Stable high-spin organic radicals (S ≥ 1) are attractive objects for organic materials with potential applications in fields such as organic magnets, spintronics, spin filters, and memory devices [1]. However, the synthesis of thermally stable di- and polyradicals is a challenging task, especially when ferromagnetic exchange interactions between multiple paramagnetic centers are desired. The report discusses methods for obtaining promising synthetic blocks for the synthesis of functionally substituted di-nitronyl nitroxyl radicals and their complexes with Cu(hfac)2 based on m-xylene. Using the strategy of Pd-catalyzed cross-coupling reactions of active aryl halides based on 4,6-dibromoiso-phthalaldehyde, an approach to obtaining a new type of polyhetero-radicals is proposed. The structural features of the obtained paramagnets and their EPR spectra are considered. Recently, the bifunctional substituted nitronyl nitroxide (NNR) diradical which was synthesized by cross coupling reaction such as 1 which was successfully used as a working body in a molecular heat engine in the study of spin phase transitions between superconducting electrodes [2].
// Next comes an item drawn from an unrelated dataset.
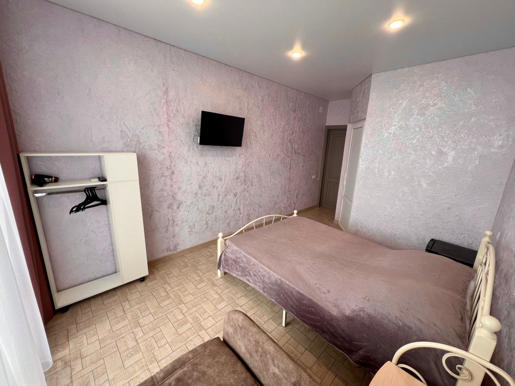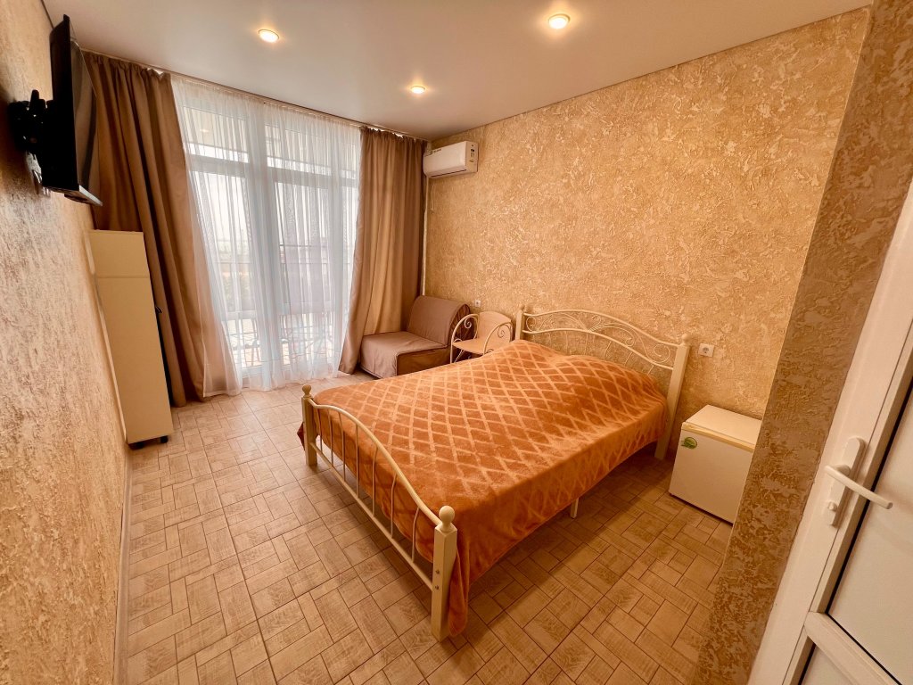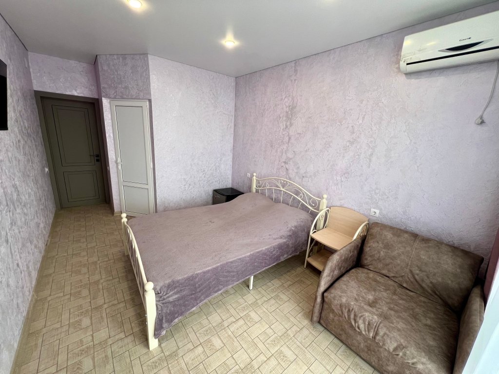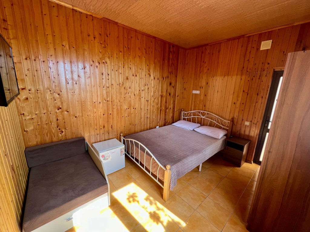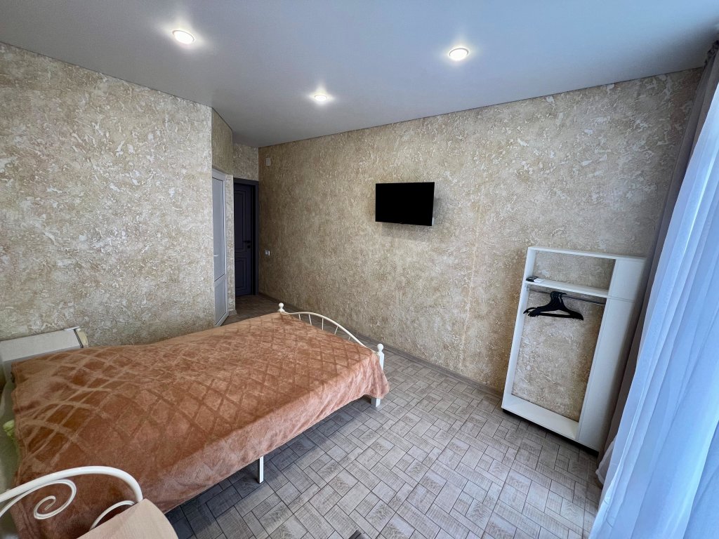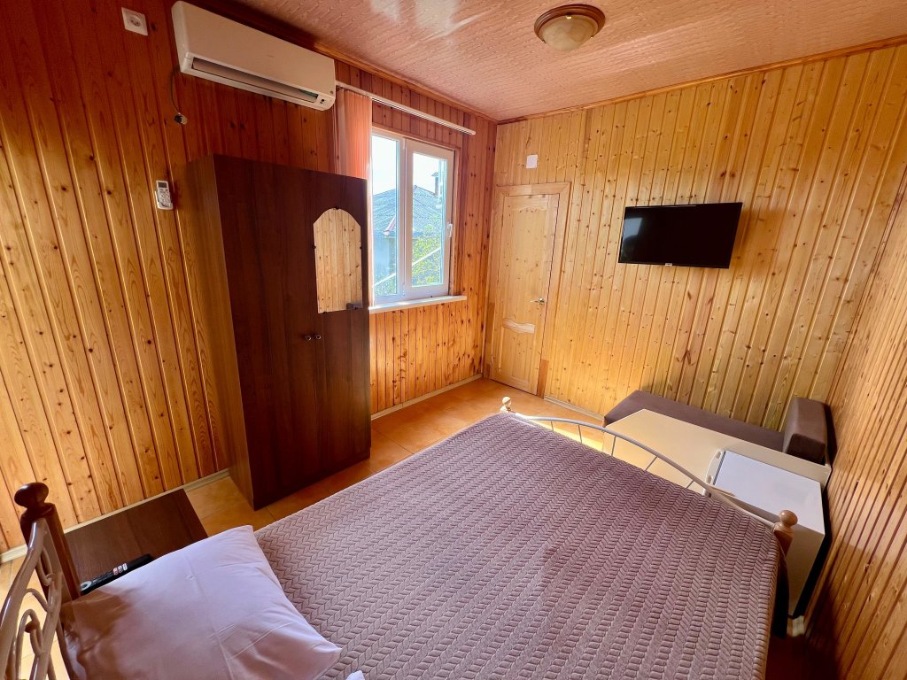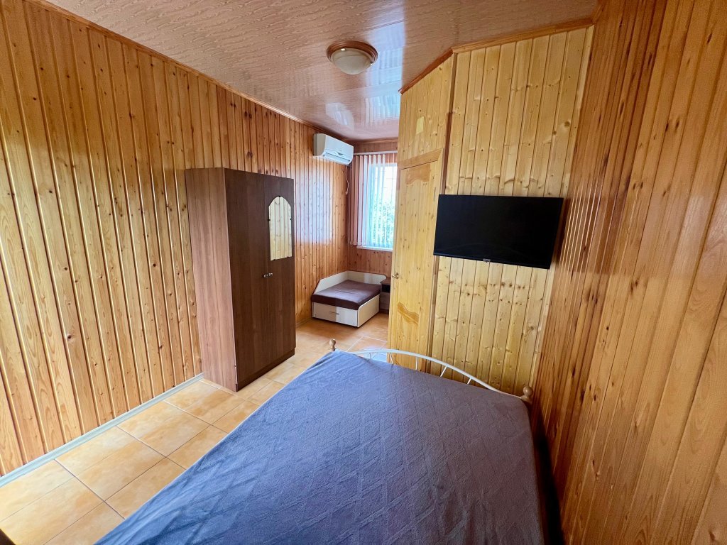 Однокомнатный номер расположен на 1 этаже, состоит из спальни с двуспальной кровать, санузла с душем. В числе удобств - Wi-Fi, сплит система, телевизор, холодильник. Вид во двор.

In this presentation and graphical abstract , various synthetic approaches to previously unknown types
of functionally substituted (X, Y = Br, NO2, COOR) diradicals 2, 3 with meta-positioning of the NHR fragments will be discussed. Special attention will be paid to methods of introducing reactive groups into the diradical molecule by using cross coupling reaction and the possibility of obtaining various complexes with copper salts.

References:
[1] E. V. Tretyakov, I. A. Zayakin, A. A. Dmitriev, M. V. Fedin et al. Chem. Eur. J. 2024, 30, e202303456.
[2] S. Volosheniuk, D. Bouwmeester, D. Vogel, H.S.J. van der Zant et al. Nat. Commun., 2025, 16, 3279.